Donald Trump walks to board Air Force One
Donald Trump AFP News

A helicopter rotor thumps over the White House lawn, cameras whirr, and the country's most famous family performs its familiar disappearing act into the residence. Somewhere between the airfield and the West Wing, though, a more domestic argument has apparently caught President Donald Trump's attention: what, exactly, a screen is doing to children and whether the state should step in.​

It is an unexpectedly intimate policy lane for a president whose fights with Big Tech have typically been waged in the language of censorship and grievance, not bedtime routines. Still, on Pod Force One, his daughter-in-law Lara Trump said he has been 'taking an interest' in the way other countries have started to push teenagers away from social media, and in the broader impact platforms may be having on young minds.​

Lara Trump
Lara Trump Instagram Photo @laraleatrump

Donald Trump's Sudden Curiosity About Teen Screen Limits

Lara Trump's argument, at least in outline, is recognisable to any parent who has watched a child go glassy-eyed in front of an endless feed: a technology built to hold attention is very good at holding attention. She has spoken elsewhere about running a strict household on this front, saying her children have 'zero' access to social media and 'absolutely no iPad, no iPhone, nothing at my house,' before adding, with a little theatrical disbelief, 'Imagine like a physical book.'​​

The suggestion that national rules might follow is where this stops being parenting chat and becomes politics. Australia, for instance, has moved towards a world-first prohibition on under-16s using social media platforms, a headline-grabbing step driven by rising concern about children's safety and wellbeing online. France has also tightened its approach, passing a law in 2023 requiring parental consent for children under 15 to open social media accounts, alongside requirements around age verification.

There is an obvious reason these examples get waved around in American debates: they offer the comfort of a lever. Do this one thing, pull this one policy handle, and a messy cultural problem bullying, self-harm content, sexual predation, the grinding loneliness of doomscrolling begins to look manageable. It is seductive, especially for politicians who prefer a clean bill title to a complicated reality.

What Donald Trump Can Regulate— and What He's Fought Before

The twist is that Donald Trump's signature social media skirmishes have not been about keeping children off platforms; they have been about punishing platforms for moderating speech.

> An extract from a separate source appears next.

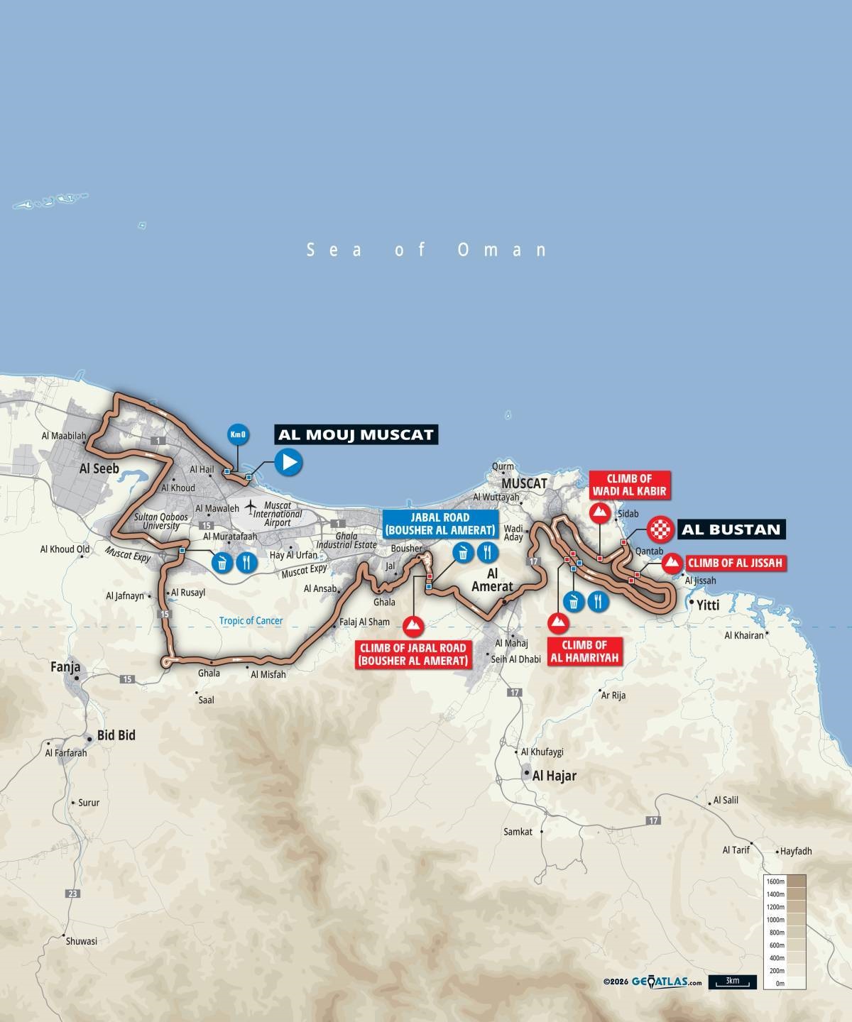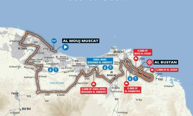 La Muscat Classic 2026 aura un Parcours pratiquement inchangé par rapport à l’année dernière. Promue à la catégorie UCI 1.Pro cette année, la course, qui se déroule 24 heures avant le départ du Tour d’Oman, en est à sa quatrième édition et se déroulera le vendredi 6 février, offrant un parcours assez sélectif de 174 kilomètres qui commence une fois de plus à Al Mouj Muscat et se termine à Al Bustan, en suivant les mêmes routes que les trois dernières années. Après une première moitié de course essentiellement plate, la seconde moitié verra les coureurs s’attaquer à la Jabal Road, au Wadi Al Kabir et, à deux reprises, à Hamriyah et à Al Jissah, ce dernier tronçon se terminant à quelques kilomètres de la ligne et constituant le tremplin idéal pour une attaque victorieuse. Il est donc possible qu’un coureur seul triomphe, comme en 2024, ou que le succès de la journée se décide au sprint par un petit groupe, comme en 2023 et 2025, lorsque Rick Pluimers s’est imposé.

In May 2020, during his first term, he signed an executive order aimed at Section 230 of the Communications Decency Act after clashing with Twitter, framing the move as a defence of free speech against powerful 'social media monopolies.' The posture then was unmistakable: regulation as a weapon against perceived bias, not as a seatbelt for teenagers.

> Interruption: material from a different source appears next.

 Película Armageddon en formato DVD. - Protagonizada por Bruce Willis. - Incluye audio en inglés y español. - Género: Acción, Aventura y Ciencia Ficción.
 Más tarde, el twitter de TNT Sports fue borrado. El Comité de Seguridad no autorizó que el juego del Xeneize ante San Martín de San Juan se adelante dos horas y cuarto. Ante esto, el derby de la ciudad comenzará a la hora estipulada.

So if the Trump orbit is now flirting with age limits, it marks either a genuine evolution or a tactical sidestep perhaps both, because politics often is both. The family's pitch, as Lara Trump has put it in her public remarks, is less 'ban the internet' than 'let kids be kids' reading, talking, bringing a football to dinner, developing the lost art of conversation. That sentiment will land warmly with many parents, and it will irritate others who hear, in the subtext, another attempt to legislate culture by fiat.​

On Capitol Hill, the legislative machinery is already turning. The Kids Off Social Media Act has been pushed as a bipartisan effort, with proposals that would stop children under 13 from creating or maintaining social media accounts and would restrict algorithmically targeted content for users under 17.

Donald Trump
Donald Trump The White House, Public domain, via Wikimedia Commons

It also seeks to require schools receiving certain federal support to work in good faith to limit social media access on their networks and devices a detail that sounds sensible until you remember how often schools become the battlefield for every adult anxiety in the country.

None of this resolves the underlying tension. Social media is simultaneously a genuine harm vector and a genuine lifeline; it can isolate a teenager, and it can also be where a lonely teenager finds their people. The harder truth the one politicians tend to skate past is that even the strictest rules will end up being enforced, day to day, not by Congress or Canberra but by exhausted parents, overstretched schools, and companies whose business model is frictionless engagement.

If Donald Trump really is 'very interested,' as Lara Trump suggests, the next question is whether that interest turns into policy muscle — or simply another round of hot rhetoric aimed at an industry he already loves to blame.